In general, then, many questions remain to be answered regarding suggested surgical methods of restoring accommodation. All invasive surgery carries a risk and it may be legitimately argued that this risk is only justified in the presence of disabling cataract. The degree of potential success in all the methods depends upon the importance of particular components of the accommodative system in the development of presbyopia. If lens rigidity is the primary problem, then scleral expansion surgery and its variants cannot work: if presbyopia is multifactorial, with capsular change making a strong contribution, then accommodating IOLs may not function. At present there is disagreement as to the relative importance of these components, so that it is difficult to predict the potential of particular techniques. Undoubtedly, then, the results of today's clinical trials, even if unsuccessful in restoring accommodation, will throw valuable light on the fundamentals of accommodation. It is, perhaps, unfortunate that none of the published papers to date have related patient outcome to the age and other characteristics of the individual patient, as these would be expected to strongly influence outcome. The methods used to assess post-operative accommodation are also often inadequate. Objective methods must be applied to avoid depth-of-focus ambiguities and here it may be that the new generation of wavefront aberrometers with internal accommodation targets will prove useful in not only measuring the true dioptric power changes but also in assessing the contribution of such factors as corneal multifocality to the subjective amplitude.

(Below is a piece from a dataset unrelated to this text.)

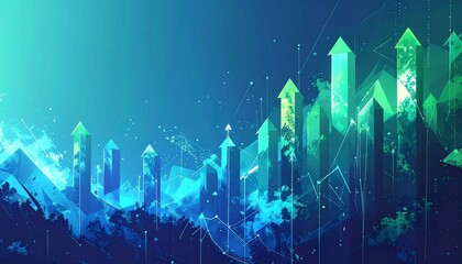 Abstract Digital Financial Growth Chart with Rising Arrows and Geometric Shapes

What does this mean for the optometrist in practice? Clearly, presbyopes are going to continue to increase both in absolute numbers and as a fraction of the total population. Providing them with effective spectacle or contact lens corrections will therefore be a priority for many years. However, if the views of their protagonists are correct, it may well be that accommodating IOLs are implanted not only in an increasing fraction of cataract patients but also in presbyopes whose lenses are still clear. This would undoubtedly demand significant changes in traditional patterns of prescribing for the older age group, as the number of pseudophakics in the UK already runs into seven figures.